L’art de nature invisuelle est un genre d’art à part entière qui existe autrement que sous forme d’oeuvre d’art, matérielle ou immatérielle.

Il s’agit de l’art comme experience et non pas comme production.

Du point de vue de l’art de nature invisuelle, l’œuvre d’art n’est pas une obligation mais seulement une option. En ce sens les limites de l’art sont plus larges que les limites de l’oeuvre d’art. Il s’agit d’une vision ouverte de l’art.

Au sein de l’art l’invisuel peuvent exister une infinité de langages, formats et mouvements.

L’invisuel n’est pas un mouvement artistique comme par exemple l’art abstrait au sein de l’art visuel. Pour éviter cette confusion il serait plus juste de parler d’art de nature invisuelle plutôt que d’art invisuel.

Il ne faut pas confondre invisuel et invisible. L’art de nature invisuelle relève d’une visibilité qui n’obéit pas aux critères de l’art visuel. L’invisuel est invisible mais seulement du point de vue de l’art visuel.

Une multitude de formats en dehors de l’œuvre d’art

L’art de nature invisuelle peut être quelque chose de très concret, de physique, de matériel, ou encore de complètement immatériel.

Au sein de l’art de nature invisuelle on peut avoir une multitude de tendances, mouvements, styles… tout comme au sein de l’art visuel on a eu plusieurs : classique, abstrait, etc.

Si l’art de nature visuelle est composé seulement d’un format unique, l’oeuvre d’art, celui de nature invisuelle englobe une infinité potentielle de formats. 

Quelques exemples de pratiques

Mariem Memni a formulé l’iformance, une forme d’art invisuel dont le but et de perturber la situation de confort de l’artiste ou d’un tout autre professionnel dans l’idée de créer quelque chose de singulier à l’échelle d’une vie. L’iformance est basée sur la déconstruction des règles qui limitent notre créativité afin de penser et d’agir en dehors des cadres établis.

Gilbert Coqalane est l’initiateur du mouvement Perturbationiste et du C.D.R.A.O. (Centre Documentation, Recherche, Application des Offensives), un lieu permettant de créer, développer et faire la promotion de la perturbation et de l’offensive comme un langage artistique.

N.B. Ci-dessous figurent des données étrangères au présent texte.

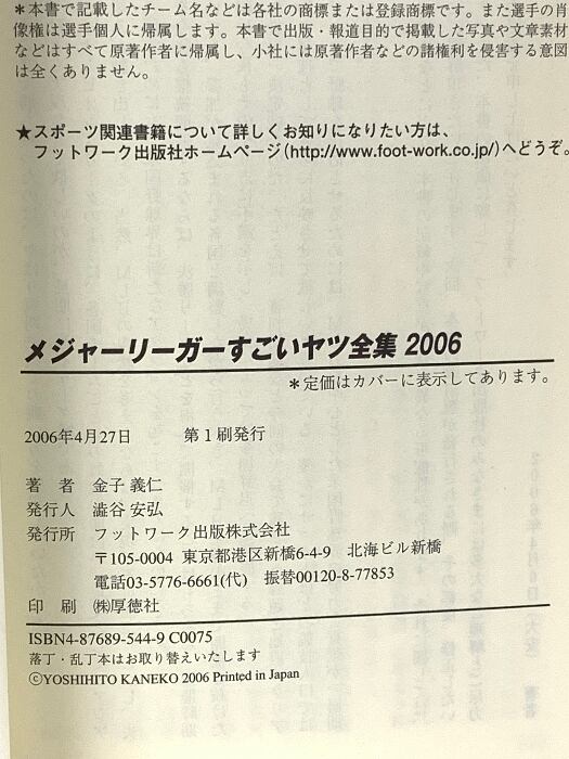 タイトル:メジャーリーガーすごいヤツ全集 2006 フットワーク出版 金子 義仁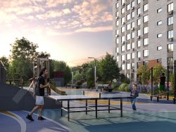 Территория жилого квартала благоустроена и включает игровые зоны и спортивные площадки для детей различных возрастных групп, уютные зоны отдыха со скамейками и универсальную воркаут-площадку для активного досуга.

Gary Bigot est un artiste considéré comme un des premiers artistes invisuels. Sa pratique est fondée sur l’existence et non pas sur la production. Ses principes : pas de production, pas de promotion, pas de profit, pas de propriété.

Liliane Viala est une artiste qui mène une action critique au sein d’entreprises. Elle pointe les aspects mécaniques et agonisants des employés qui se voient réduits à des simples machines de production.

Bernard Delville est un artiste qui construit des centrales éoliennes en demandant aux parents d’enfants des villages ou il construit les centrales de financer les centrales de manière à ce que lorsque les enfants deviendront adultes ils seront les propriétaires de leur propres sources d’électricité. 

François Deck est un artiste qui travaille sur les processus de décision au sein d’une esthétique de la décision.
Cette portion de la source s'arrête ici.